I'm surprised to see that no one has diaried about yesterday's rejection of a settlement between Bank of America and the SEC, which delivers the parties -- and BoA in particular -- such a devastating, guffaw-inducing smackdown that it shouldn't be missed.
The nut of the case is that BoA allegedly lied to its stockholders about whether Merrill Lynch executives would be paid bonuses after BoA took over the collapsing firm. Apparently, the SEC's filing of the case was accompanied by a settlement offer, in which, according to the decision, "Bank of America, without admitting or denying the accusations, would be enjoined from making future false statements in proxy solicitations and would pay to the S.E.C. a fine of $33 million." Whereupon Judge Jed S. Rakoff of the U.S. District Court, Southern District of New York, delivers his first deliciously forthright assessment of the matters at hand:
In other words, the parties were proposing that the management of Bank of America – having allegedly hidden from the Bank’s shareholders that as much as $5.8 billion of their money would be given as bonuses to the executives of Merrill who had run that company nearly into bankruptcy – would now settle the legal consequences of their lying by paying the S.E.C. $33 million more of their shareholders’ money.

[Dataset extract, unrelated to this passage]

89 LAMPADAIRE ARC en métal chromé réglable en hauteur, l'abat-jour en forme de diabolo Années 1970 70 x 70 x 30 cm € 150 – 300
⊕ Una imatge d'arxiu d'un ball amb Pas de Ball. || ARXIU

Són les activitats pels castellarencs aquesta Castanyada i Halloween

Judge Rakoff (are District Court judges called "Judge" or "Justice"?) then rejects the settlement as "neither fair, nor reasonable, nor adequate," offering as his first argument that "it does not comport with the most elementary notions of justice and morality, in that it proposes that the shareholders who were the victims ofthe Bank’s alleged misconduct now pay the penalty for that misconduct."
[T]he notion that Bank of America shareholders, having been lied to blatantly in connection with the multi-billion-dollar purchase of a huge, nearly-bankrupt company, need to lose another $33 million of their money in order to “better assess the quality and performance of management” is absurd.
Some more choice morsels:
Moreover, it is noteworthy that, in all its voluminous papers protesting its innocence, Bank of America never actually provides the Court with the particularized facts that the Court requested, such as precisely how the proxy statement came to be prepared, exactly who made the relevant decisions as to what to include and not include so far as the Merrill bonuses were concerned, etc.

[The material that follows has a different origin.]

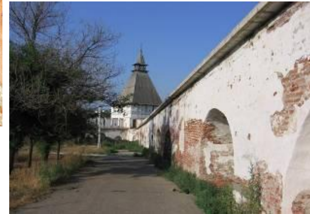
Астраханская крепость (1582-89 гг.)

But all of this is beside the point because, if the Bank is innocent of lying to its shareholders, why is it prepared to pay $33 million of its shareholders’ money as a penalty for lying to them?
It is one thing for management to exercise its business judgment to determine how much of its shareholders’ money should be used to settle a case brought by former shareholders or third parties. It is quite something else for the very management that is accused of having lied to its shareholders to determine how much of those victims’ money should be used to make the case against the management go away.
Overall, indeed, the parties’ submissions, when carefully read, leave the distinct impression that the proposed Consent Judgment was a contrivance designed to provide the S.E.C. with the facade of enforcement and the management of the Bank with a quick resolution of an embarrassing inquiry – all at the expense of the sole alleged victims, the shareholders. Even under the most deferential review, this proposed Consent Judgment cannot remotely be called fair.
Our learned judge even displays a literary streak:
Oscar Wilde once famously said that a cynic is someone “who knows the price of everything and the value of nothing.” Oscar Wilde, Lady Windermere’s Fan (1892). The proposed Consent Judgment in this case suggests a rather cynical relationship between the parties: the S.E.C. gets to claim that it is exposing wrongdoing on the part of the Bank of America in a high-profile merger; the Bank’s management gets to claim that they have been coerced into an onerous settlement by overzealous regulators. And all this is done at the expense, not only of the shareholders, but also of the truth.
The judge takes a few shots at the SEC as well, which I'll leave the reader to discover.
Justice was done this day -- both prosaic and poetic.